Cette bienheureuse lettre mettait fin à toutes ses terreurs. Maintenant il était impossible que Frantz la dénonçât, même dans sa fureur de déconvenue, en lui sachant une arme pareille entre les mains ; d’ailleurs, s’il parlait, elle montrerait la lettre, et toutes ses accusations deviendraient pour Risler de pures calomnies. Ah ! monsieur le justicier, nous vous tenons à présent.
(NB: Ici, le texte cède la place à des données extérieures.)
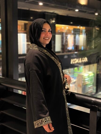 A timeless black kaftan adorned with elegant Arabic letter embroidery, blending cultural heritage with modern sophistication.
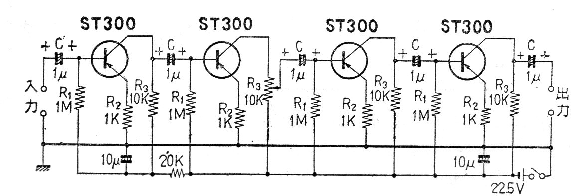 Este circuito de alta ganancia se puede utilizar en aparatos de ayuda auditiva. El circuito es de una documentación de 1967 y utiliza transistores de germanio. La alimentación se realiza con una tensión de sólo 2 V.

Subitement elle fut prise d’un accès de joie folle.

– Je renais… je renais… disait-elle à madame Dobson.

Elle courait dans les allées du jardin, se fit de gros bouquets pour son salon, ouvrit les fenêtres toutes grandes au soleil, donna des ordres à la cuisinière, au cocher, au jardinier. Il fallait que la maison fût belle, Georges allait revenir, et, pour commencer, elle organisa un grand dîner pour la fin de la semaine. Vraiment on aurait dit qu’elle avait été absente pendant un mois et qu’elle revenait d’un voyage d’affaires ennuyeux et fatigant, tant elle mettait de hâte à faire autour d’elle du mouvement et de la vie.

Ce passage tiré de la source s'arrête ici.